Recommendation 8: review, evaluate and update the plan as technologies evolve

Action: government and industry should treat the AI adoption plan as a live programme that is updated as technology, evidence and market practice evolve.

AI technologies are changing quickly. Tools that are experimental today may become standard within a year. Risks, legal frameworks and client expectations may change. Creative practice will continue to adapt alongside emerging technology.

This plan should therefore be reviewed and updated regularly. This should include:

  • Continuous evidence gathering: government and industry should continue to build evidence on adoption by subsector, firm size, region and workforce type. Evidence should also cover productivity gains, implementation costs, workforce impacts, client expectations, public confidence, sustainability impacts and barriers faced by underrepresented founders and workers.
  • Evaluation of interventions: toolkits, training, grants, testbeds and other interventions should be evaluated. Evaluation should assess whether support reaches SMEs, freelancers and microbusinesses; improves confidence and capability; changes adoption behaviour; produces measurable benefits; and represents value for money.
  • Regular updates to guidance: the AI toolkit and associated case studies should be updated regularly. Outdated AI guidance can quickly become misleading.

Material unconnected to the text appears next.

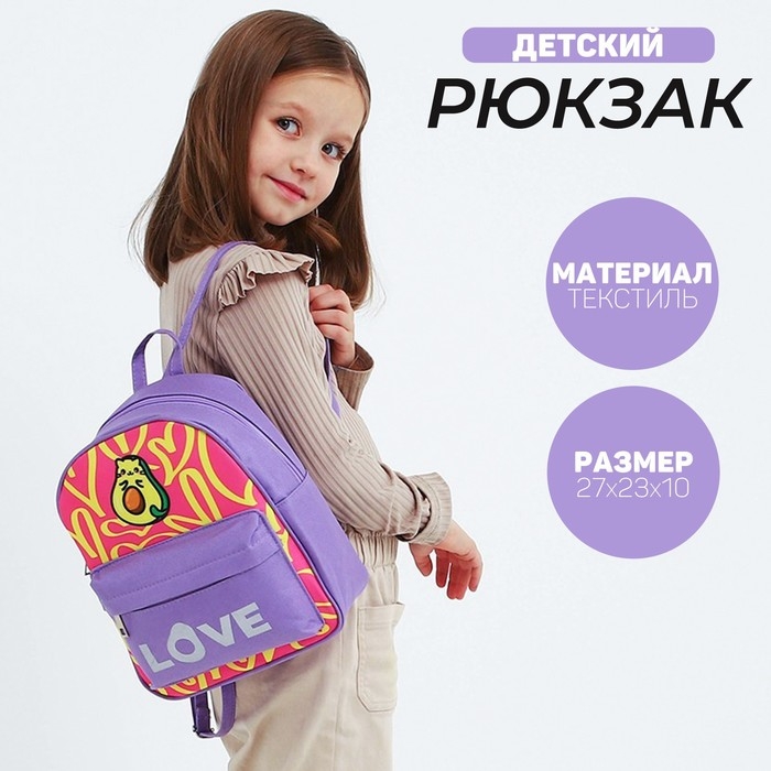 Рюкзак школьный текстильный c карманом «Авокотик», светоотр. элементы, 27х23х10 см

As AI Champion for the Creative Industries, I will use salons, roadshows and sector engagement to gather feedback and feed it back into government. This will help ensure the plan remains practical, current and grounded in the needs of creative businesses, freelancers, workers and rightsholders.

Conclusion

The UK creative industries are already adopting AI. The question is no longer whether AI will affect the sector, but how adoption is shaped.

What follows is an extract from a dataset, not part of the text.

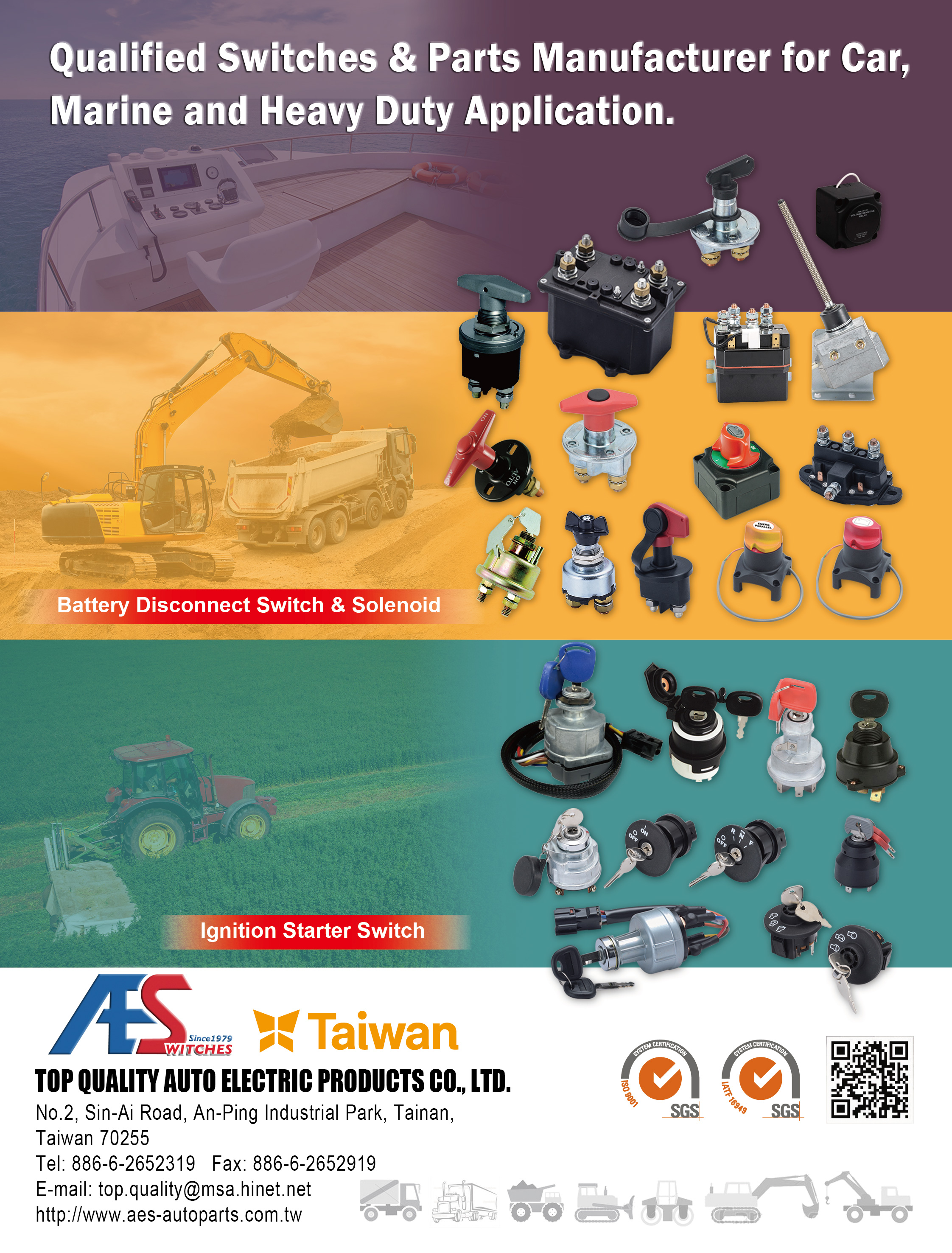 汽車電裝開關,車船用配線器材,堆高機零件,卡車零件,拖車零組件,汽車零件,起動馬達開關,起動馬達開關

The opportunity is significant. AI can help creative businesses reduce repetitive work, improve workflows, reach audiences, develop new products and compete internationally. It can support the growth of creative businesses and strengthen the UK’s global leadership in creativity and technology. By accelerating our AI adoption with the right frameworks and support, our creators can secure a lasting international advantage.

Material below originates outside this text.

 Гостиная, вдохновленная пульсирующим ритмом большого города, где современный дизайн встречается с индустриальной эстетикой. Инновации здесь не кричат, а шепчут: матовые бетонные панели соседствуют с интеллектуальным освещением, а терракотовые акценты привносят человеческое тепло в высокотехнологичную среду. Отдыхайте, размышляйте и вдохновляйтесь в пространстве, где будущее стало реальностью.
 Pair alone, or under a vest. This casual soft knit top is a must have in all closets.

But if adoption is opaque, extractive, poorly governed or concentrated among larger firms, it could undermine trust, disrupt entry routes and widen existing inequalities across the creative industries.

That is why the UK needs a practical, trusted and augmentation-first adoption plan for the creative industries.

As AI Champion, my role is to convene, listen, challenge, champion responsible use and build confidence across the sector. I want to support a creative economy where technology strengthens human creativity, more firms can scale, freelancers and small businesses are not left behind, and the UK becomes the global home of trusted createch.

AI adoption in the creative industries should not be something that happens to the sector. It should be something the sector shapes.